Connecting Warehouse Forklift Maintenance with Productivity in Managerial Terms

Using the methods we’ve described above, fleet managers can now see many new avenues to justify their maintenance expenses in terms of total warehouse productivity.

These productivity metrics offer a great way to define the value of maintenance positively associated with accomplishing more work with fewer resources.
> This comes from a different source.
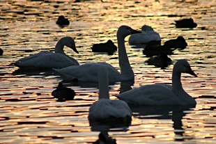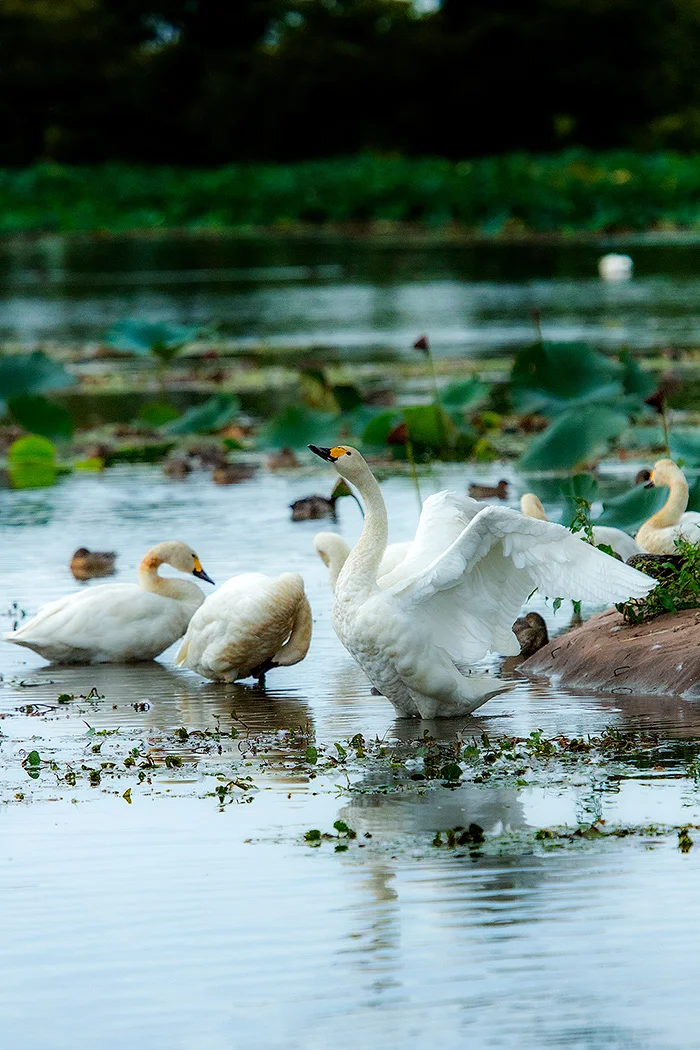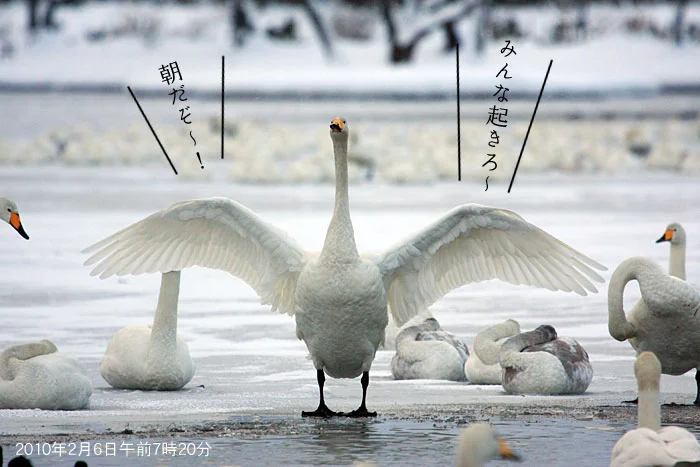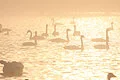 今期最高の 6451羽が、日の出とともに飛び立つ姿。瓢湖の湖面で繰り広げられる白鳥たちのファンタジー。[18枚]

Going further, fleet managers can begin to wrap these ideas into larger organizational objectives that are most important to executives, such as:

  • Resource Utilization – business leaders routinely compare their organization’s performance to their competition in terms of asset productivity, which in material handling spaces commonly takes the form of Revenue dollars by Warehouse Square Footage, or Net Earnings by Market Capitalization. While certainly not as glamorous, forklift maintenance benefits overall productivity in exactly the same ways that resource utilization metrics measure.
  • Personnel Engagement– with as much attention as current labor market turbulence receives, representing forklift maintenance’s impact on personnel factors is a timely subject. Proper forklift maintenance normalizes and incentivizes good operator behavior while also broadcasting positive work culture values. As such, forklift maintenance boosts warehouse productivity in key employee-first ways. We would even go so far as to say that a proactive maintenance culture is both a competitive differentiator as well as a direct HR benefit to prospective employees.
  • Predictive Performance-Based Cost Management – in business, nobody likes (bad) surprises. Forklift maintenance directly reduces the chances of such surprises by building reliability and level-setting performance directly into a warehouse’s forklift fleet. Over time, well-maintained fleets become the pinnacle of predictable performance, and this predictability can be translated into critical business costs such as overhead costs, insurance premium costs, contract cost margins, and scaling costs. As data is aggregated, the humble function of forklift maintenance can be used to build very robust predictive analytical models that can be used to forecast a warehouse’s cost profile into the future simply based on the highly reliable performance metrics that a well-maintained forklift fleet provides.